Tasse sul carbonio, mandati di emissioni Net Zero, restrizioni su fonti energetiche affidabili… Tutto ciò è giustificato da un complesso scientifico-industriale che non si preoccupa più della verità, ma solo di sostenerne l’influenza.
La complicità silenziosa degli scienziati
So in prima persona cosa succede a coloro che sfidano la narrativa dominante. Quando ho parlato contro la politicizzazione della scienza del clima e l’infiltrazione dell’ideologia DEI nel mondo accademico, sono stato costretto a lasciare la mia posizione all’Università dell’Alabama.

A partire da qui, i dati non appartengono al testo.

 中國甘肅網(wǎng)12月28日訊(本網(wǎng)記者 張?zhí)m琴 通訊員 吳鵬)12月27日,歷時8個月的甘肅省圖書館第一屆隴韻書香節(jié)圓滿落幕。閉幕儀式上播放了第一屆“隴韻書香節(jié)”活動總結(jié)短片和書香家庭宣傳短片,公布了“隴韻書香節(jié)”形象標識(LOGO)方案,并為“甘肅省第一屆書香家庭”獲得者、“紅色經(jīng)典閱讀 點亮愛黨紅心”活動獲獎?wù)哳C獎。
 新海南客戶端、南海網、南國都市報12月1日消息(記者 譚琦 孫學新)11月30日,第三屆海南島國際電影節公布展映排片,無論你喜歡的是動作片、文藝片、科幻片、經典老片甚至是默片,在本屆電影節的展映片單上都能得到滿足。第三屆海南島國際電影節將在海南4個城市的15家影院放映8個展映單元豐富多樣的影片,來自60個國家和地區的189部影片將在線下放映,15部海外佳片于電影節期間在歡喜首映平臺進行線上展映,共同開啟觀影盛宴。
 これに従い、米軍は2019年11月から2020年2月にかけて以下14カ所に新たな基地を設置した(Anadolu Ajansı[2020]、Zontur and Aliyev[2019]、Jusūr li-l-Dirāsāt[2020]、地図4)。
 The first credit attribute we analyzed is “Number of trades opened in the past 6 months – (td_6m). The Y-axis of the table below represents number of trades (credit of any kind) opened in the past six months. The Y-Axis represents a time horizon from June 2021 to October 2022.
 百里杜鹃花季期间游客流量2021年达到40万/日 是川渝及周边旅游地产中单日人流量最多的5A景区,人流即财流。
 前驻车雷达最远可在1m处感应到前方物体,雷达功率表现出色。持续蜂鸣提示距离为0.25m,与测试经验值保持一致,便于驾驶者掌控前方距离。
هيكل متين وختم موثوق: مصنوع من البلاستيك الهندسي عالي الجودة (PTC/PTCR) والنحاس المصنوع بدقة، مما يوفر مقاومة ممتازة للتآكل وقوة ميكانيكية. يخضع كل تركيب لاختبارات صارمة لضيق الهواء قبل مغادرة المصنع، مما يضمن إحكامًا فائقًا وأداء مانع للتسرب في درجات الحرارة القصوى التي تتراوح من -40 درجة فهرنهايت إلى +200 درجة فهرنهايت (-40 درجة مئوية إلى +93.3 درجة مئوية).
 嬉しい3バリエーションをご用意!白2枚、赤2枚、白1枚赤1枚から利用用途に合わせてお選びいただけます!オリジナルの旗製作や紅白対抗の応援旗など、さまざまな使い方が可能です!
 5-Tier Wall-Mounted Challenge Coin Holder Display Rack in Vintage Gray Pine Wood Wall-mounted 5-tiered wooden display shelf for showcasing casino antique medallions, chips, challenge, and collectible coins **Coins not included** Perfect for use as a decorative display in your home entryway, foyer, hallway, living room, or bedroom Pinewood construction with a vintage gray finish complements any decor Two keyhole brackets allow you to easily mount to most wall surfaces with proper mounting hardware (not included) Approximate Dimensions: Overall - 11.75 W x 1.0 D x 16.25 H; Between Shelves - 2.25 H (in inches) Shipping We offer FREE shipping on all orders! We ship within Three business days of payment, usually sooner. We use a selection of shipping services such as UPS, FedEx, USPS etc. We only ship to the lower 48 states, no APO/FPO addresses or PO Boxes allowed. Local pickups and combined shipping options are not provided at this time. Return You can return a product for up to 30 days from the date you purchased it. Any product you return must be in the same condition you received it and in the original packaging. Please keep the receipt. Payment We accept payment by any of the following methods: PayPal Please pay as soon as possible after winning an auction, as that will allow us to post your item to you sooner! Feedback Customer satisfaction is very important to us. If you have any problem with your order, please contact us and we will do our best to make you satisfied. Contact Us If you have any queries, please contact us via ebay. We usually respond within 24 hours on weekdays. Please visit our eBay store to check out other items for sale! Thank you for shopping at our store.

Non importava che le mie critiche fossero radicate nel rigore scientifico… Mettere in discussione l’establishment è stato sufficiente per fare di me un bersaglio.
La mia esperienza non è unica; Molti ricercatori sanno che il loro lavoro viene travisato, ma rimangono in silenzio, spaventati dalle conseguenze professionali e personali di una denuncia.
Fonte: Climate Change Dispatch
Fonte: IL CLIMATOLOGO ESPONE COME LA SCIENZA DEL CLIMA SPAZZATURA GUIDI LA MACCHINA DELLA PAURA DA UN MILIARDO DI DOLLARI (Autore: Enzo Ragusa)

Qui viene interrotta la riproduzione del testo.